The change follows a review of the Forest Service centers that the Labor Department said found deficient performance in outcomes, costs and internal controls.
“This action creates an opportunity to serve a greater number of students at higher performing centers at a lower cost to taxpayers by modernizing and reforming part of the Job Corps program,” the announcement said.
’UNDERHANDED SIDESTEP'
But union representatives are attacking the proposal by disputing the study results and arguing it will harm the at-risk students served by the South Weber center and others like it.
The federal Agriculture and Labor secretaries “conspired to bypass congressional authority” by unilaterally closing and changing the centers, said Walter Johnston, American Federation of Government Employees Union Local 3284 vice president.
Local 3284 includes workers in South Weber.
Johnston said the “underhanded sidestep” is being appealed at the department level and also with members of Congress, including Bishop and Sens. Mike Lee and Mitt Romney.
Andy Villalpando served with the Air Force in Vietnam and Iraq and retired from the Air Force in 1991 with the rank of technical sergeant. He’s been with the Weber Basin center ever since, and he’s president of the union local.
Villalpando and Johnston disputed allegations of subpar performance, pointing to Weber Basin’s most recent audit.
That 2018 document, available on the Job Corps national website, shows Weber Basin received a 96.6 percent performance rating. The Clearfield center rated at 96.8. Both marks were among the highest in Job Corps Region 4, based in Dallas.
“In my opinion, the contract centers have more costs than we do,” Villalpando said. “We do a lot more with less funding.”
Budget comparisons are difficult to make because contractors enjoy confidentiality for claimed trade secrets. For instance, the Labor Department granted a Standard-Examiner request for an audit of the Clearfield Jobs Corps Center last year but deleted all financial information from the document.
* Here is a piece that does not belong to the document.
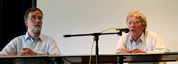 Zeitzeuge zog Schüler in seinen Bann V.l.: Geschichtslehrer Bernhard Schell und Professor Manfred Görlach. (Foto: Peter Krauch)(pck) Am vergangenen Dienstagmorgen konnte Oberstudiendirektor Helmut Schultz in der vollbesetzten Aula des Hohenstaufen-Gymnasiums einen besonderen Zeitzeugen, den emeritierten Professor Manfred Görlach, begrüßen, der über seine Zeit als Fluchthelfer in der DDR referierte.

Bishop said he and other lawmakers would send a letter to administration officials urging a slowdown on the management changes and closures.
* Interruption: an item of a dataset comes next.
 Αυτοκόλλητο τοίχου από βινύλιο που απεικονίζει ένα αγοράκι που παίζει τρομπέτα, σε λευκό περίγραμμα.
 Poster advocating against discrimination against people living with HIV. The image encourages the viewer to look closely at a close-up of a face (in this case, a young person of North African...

“I have some skepticism as to the data that was used,” Bishop said in a phone interview Wednesday afternoon. “These types of issues have come up repeatedly with Job Corps and oftentimes the data is skewed and has flaws in it.”
Bishop said he’s been a fan of Job Corps since the 1970s when he was in college and met some students from the training program.
“I became friendly with them and was really impressed with what they did there,” he said.
Bishop said the Weber Basin and Clearfield centers have proven themselves as major community successes.
“If there is going to be a change in management, the administration has got to prove there is a huge benefit,” he said. “So far I don’t think that bar has been met.”
MEMORIAL DAY ‘SLAP’ AGAINST VETERANS
Villalpando said he viewed the Labor Department’s announcement at the start of the Memorial Day weekend as a slap at veterans. Many Job Corps instructors are veterans, he said, and some will lose their jobs with this move.
Villalpando, 68, said he has seen many of his students learn maintenance trade skills including proficiency in plumbing and heating and cooling systems. Some have gone on to college after getting on their feet with a trade, he said.
He said he expects that the center’s workers, now paid on the federal scale, would be paid less under a private contractor.
Villalpando said he does not want to retire and would consider staying on if the new bosses offered him a place.
“We need to help these people,” Villalpando said of his students.